離島の公立小、配布したノートPCで「休み時間にゲームをしてもいい」のはなぜ? スマホを手に入れる前によき使い手に、「今が学べるチャンス」
八丈島(東京都八丈町)の町立三根小学校では、休み時間に、子どもが自分の学習用ノートパソコンでゲームをしてもいい。友達とのグループチャットだってOKだ。日常的に使うことで端末に親しんで操作に慣れ、結果的に学びへの活用にもつながっているという。 学力やうつ傾向との関係は? 子どものインターネット利用は1日4時間半…専門家に聞くスマホとの適切な“距離感”

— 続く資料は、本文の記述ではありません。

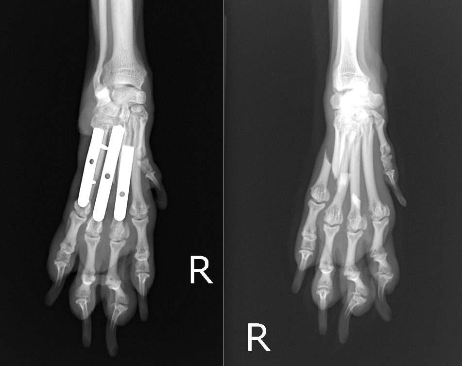 犬の中手骨骨折(1.1mmプレート使用) 左:術後/右:術前

新型コロナウイルス禍の中、ノートパソコンやタブレットといった学習用デジタル端末が全国の小中学生一人一人に届けられた。ただ、子ども同士のトラブルなどを心配し、授業以外での利用に厳しい制限を設けている学校は少なくない。 三根小学校でも、いろいろと問題が起きているのでは…。そんな想像をしながら取材に行くと、先生たちは子どもたちが直面する「ジレンマ」をしっかり受け止めながら、「今が学べるチャンス」とデジタル世界でお互いを尊重する力を育てようとしていた。(共同通信=小田智博) ※記者が音声でも解説しています。「共同通信Podcast」でお聴きください。 ▽「気持ちのいい使い方」を考える授業 2023年10月、羽田空港から飛行機で南に飛ぶこと50分で八丈島に到着した。三根小学校の全校児童は約170人。6年1組の教室では、パソコンの「気持ちのいい使い方」を考えるというテーマの授業が始まっていた。
「自分やみんなの使い方で、問題だと思うことは」。こんな質問に対する子どもたちの回答が、教室の前の電子黒板に映し出された。ゲーム関連の問題が多いようだ。中には「休み時間が終わってもゲームに熱中している」といった回答も。 担任の古矢岳史先生(42)=24年4月に島外の公立小に異動=が子どもたちに「いつゲームしてる?」と聞いた。「社会(の時間)」と男の子。「リアルだね~」。古矢先生は苦笑しながら突っ込みを入れ、こう問いかける。「どうして問題だと感じたんだろう?」 次々と意見が挙がる。「授業が分からなくなる」「周りに迷惑」。そんな中、ある児童が「授業中までゲームを続けている理由」をぼそっと口にした。「授業をやりたくないから」。古矢先生はとがめることなく、穏やかな口調でこう返す。「その意見でもいいよ。だったら、先生が授業を工夫しないといけないってことだからね」 その後は問題を解決する方法の話し合いに。子どもたちは班になり、出た意見をパソコンに入力していく。「先生が端末を取り上げる」といった提案が目立つ。古矢先生は「罰を与える的なことが多いね。でも、そうはしたくないんだよね」とつぶやく。